Valence Electrons in Propylene

Valence electrons are the outermost electrons of an atom and are crucial for forming chemical bonds. In our example of propylene, an organic molecule with the formula \( \mathrm{C}_{3} \mathrm{H}_{4} \), we analyze its valence electron count to predict bonding patterns and reactivity.

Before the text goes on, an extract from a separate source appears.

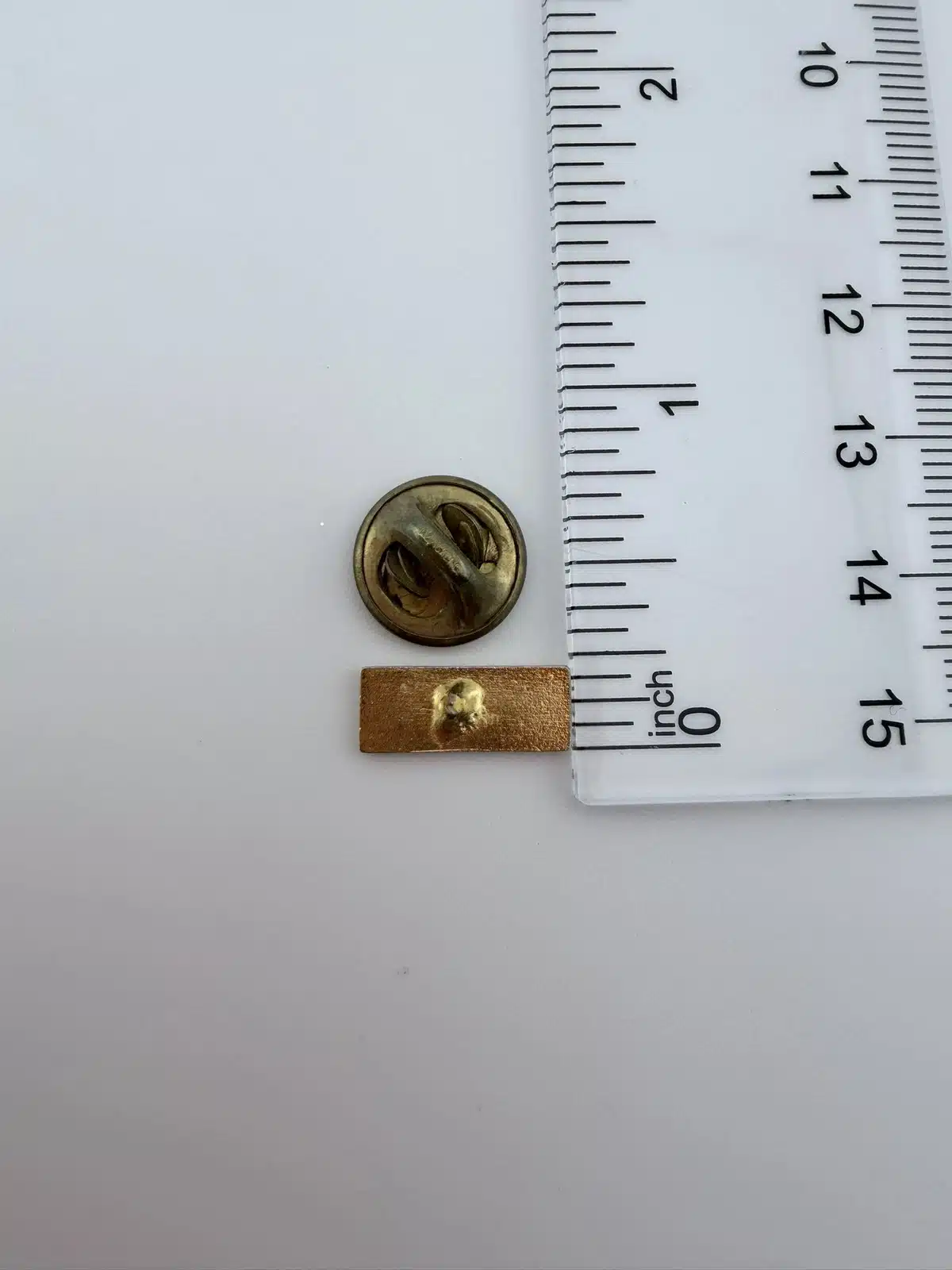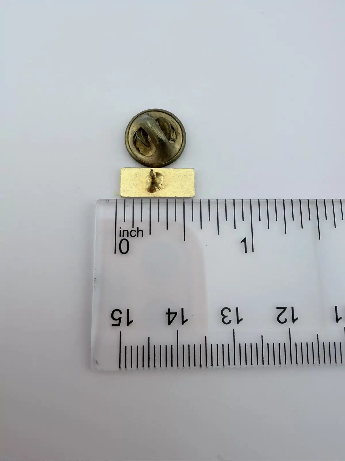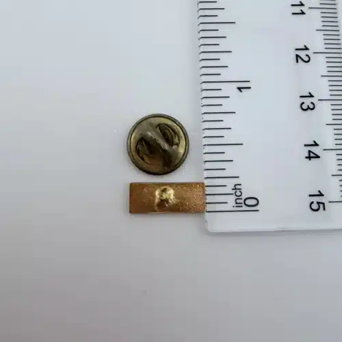 Measuring approximately 1/2 inch in width and about 1/4 inch in height, this is a small, low profile pin that sits neatly on a lapel, uniform, or hat. Its straightforward layout suggests it may have been worn by an employee or given away as an advertising piece.

In the case of propylene, each carbon atom contributes four valence electrons, as carbon is in group 14 of the periodic table. Hydrogen, being in group 1, contributes one valence electron per atom. Therefore, the total valence electron count for propylene is the sum of the contributions from all the carbon and hydrogen atoms:

\[\text{Total valence electrons} = 3 \times 4 + 4 \times 1 = 12 + 4 = 16\]
This count is fundamental for understanding the bonding and structure within the molecule, which in turn affects its physical and chemical properties.

Sigma and Pi Bonds in Propylene

Understanding \( \sigma \) and \( \pi \) bonds is crucial for deciphering molecular geometry and stability. \( \sigma \) bonds are single covalent bonds that form between two atoms and constitute the primary bond holding the atoms together.

In propylene, \( \sigma \) bonds include one bond from each carbon to hydrogen (\( \mathrm{C-H} \) bonds) as well as the bond between carbon atoms (\( \mathrm{C-C} \) bonds). Every single bond is a \( \sigma \) bond and involves two electrons. With three \( \mathrm{C-H} \) bonds and one \( \mathrm{C-C} \) bond, the number of electrons in \( \sigma \) bonds totals eight.

\( \pi \) bonds, on the other hand, refer to the type of covalent bond which occurs alongside a \( \sigma \) bond in double bonds (and also in triple bonds, but not in the context of propylene). In propylene, there is one double bond between carbon atoms containing one \( \sigma \) bond and one \( \pi \) bond. The \( \pi \) bond in the double bond involves two electrons, contributing to the unique chemical reactivity and physical properties of the molecule.

Hybridization in Propylene

Hybridization is the process of mixing atomic orbitals to form new hybrid orbitals that can overlap to form covalent bonds. This concept helps explain the geometry of molecular bonding beyond the classical valence-shell electron-pair repulsion (VSEPR) theory.

In propylene, each carbon atom is \( \mathrm{sp^2} \) hybridized, which means that one s orbital has mixed with two p orbitals to form three equivalent sp2 hybrid orbitals. These hybrid orbitals can form \( \sigma \) bonds, while the remaining p orbital that is not hybridized forms the \( \pi \) bond. This hybridization gives rise to a trigonal planar layout around each carbon atom, which impacts the molecule's overall shape and reactivity. A clear grasp of hybridization is essential for prediction of molecular structure and bonding characteristics in organic chemistry.